Global speciality insurer and reinsurer MS Amlin has undergone a major overhaul of its insurance lines but, unlike many other similar companies, has decided to keep the marine business intact.

The cutbacks, which involve withdrawing from a total of nine classes of business, are part of an ongoing plan to transform the company's financial performance by 2023.

However, its marine business has been largely untouched. MS Amlin's marine portfolio covers hull, cargo, fixed premium protection and indemnity, yacht and war risk cover.
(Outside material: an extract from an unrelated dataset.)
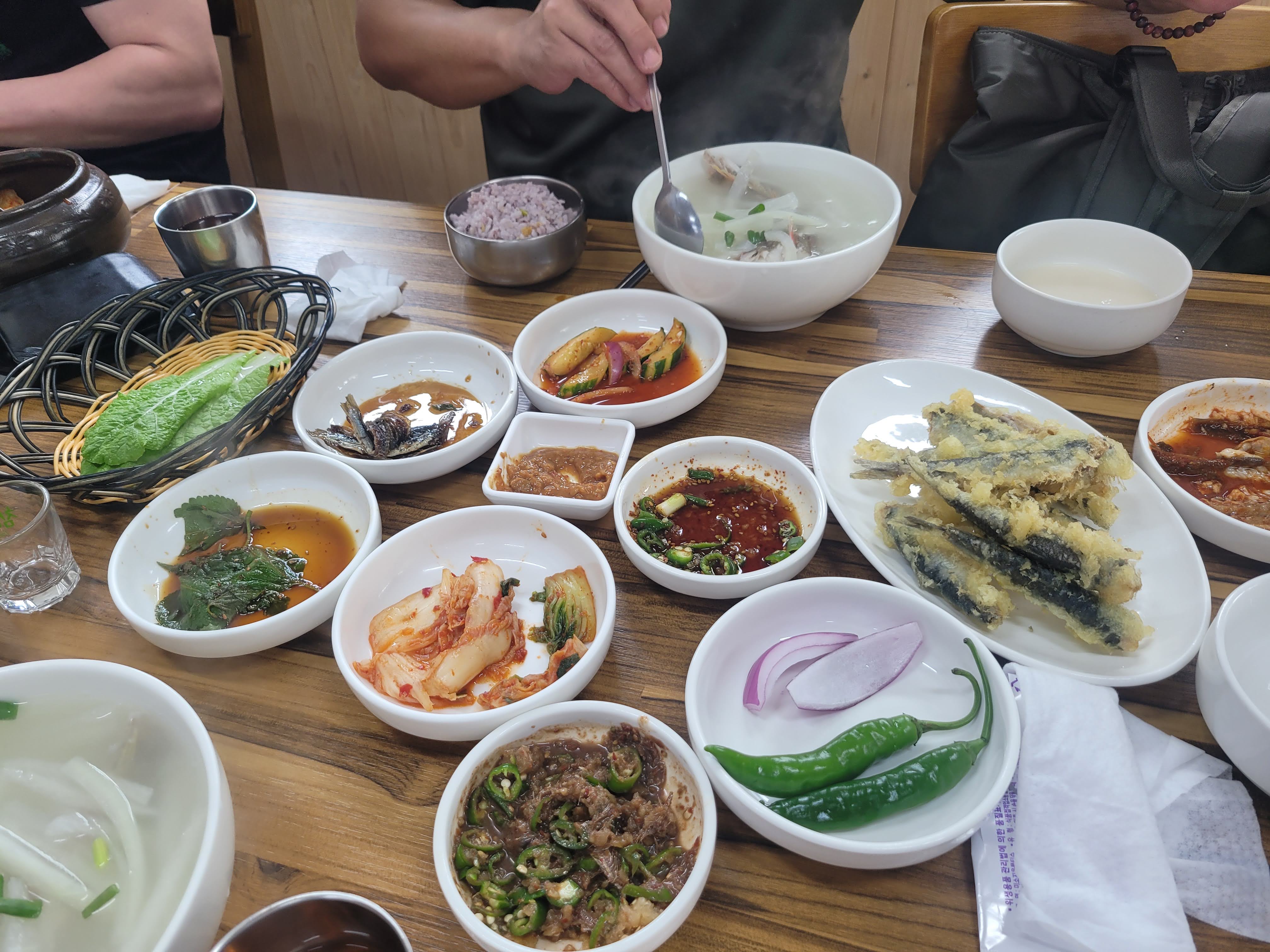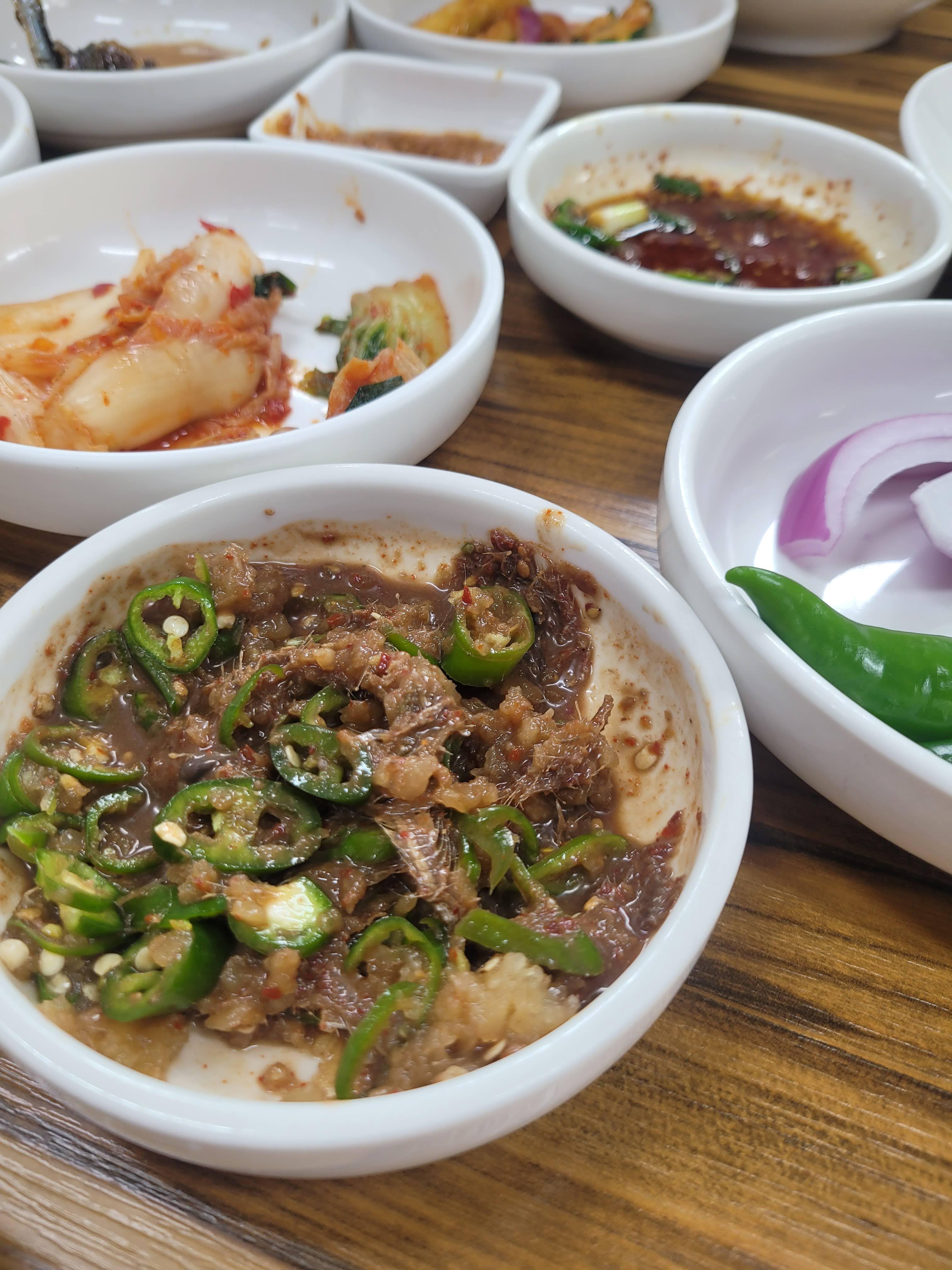 ✔ 젓갈과 기본 반찬들 – 칼칼한 고추가 송송 썰어진 젓갈을 한 점 떠서 밥 위에 올려 한입, 감칠맛이 폭발한다.

It brings in around £430m ($528m) in premium annually.

MS Amlin has instead decided to combine marine cover with its international property and casualty and aviation lines in a newly formed speciality division.

The speciality group will be headed by division chief executive Tom Clementi.

MS Amlin chief executive Simon Beale said: “The decisive measures we are taking across our underwriting portfolio will allow us to focus and build on our track record of providing risk solutions to our clients’ most complex needs. It will refocus our business and ensure we are best placed to serve our clients and their shifting demands, as technology, digitalisation and data and analytics trends continue to change the nature of insured risk.”

MS Amlin’s move comes in contrast to some other speciality insurers, which are continuing the recent trend of cutting back on marine business.

In September ArgoGlobal said it is to withdraw from its Lloyd’s 1200 Syndicate underwriting operations in Asia, including “most” of its hull underwriting business.

Matt Harris, group head of international operations at ArgoGlobal, pointed out that Syndicate 1200 Asia represented only 3% of the company’s total marine hull premiums and its closure does not represent a withdrawal from marine.

“It is important to note, however, we are fully committed to the remaining marine classes we insure and insuring hull on non-Lloyd’s platforms,” he said. He added that the company is considering selling hull cover through its the Dubai platform of Syndicate 1200.

Axis Capital also pulled out of marine last month as part of a cull of unprofitable lines of business. It is understood that its London operation will continue to provide war risk cover.

Earlier, major marine insurance provider Swiss Re said it would pull out of providing cargo cover and move most of its marine hull and machinery business out of London to Genoa.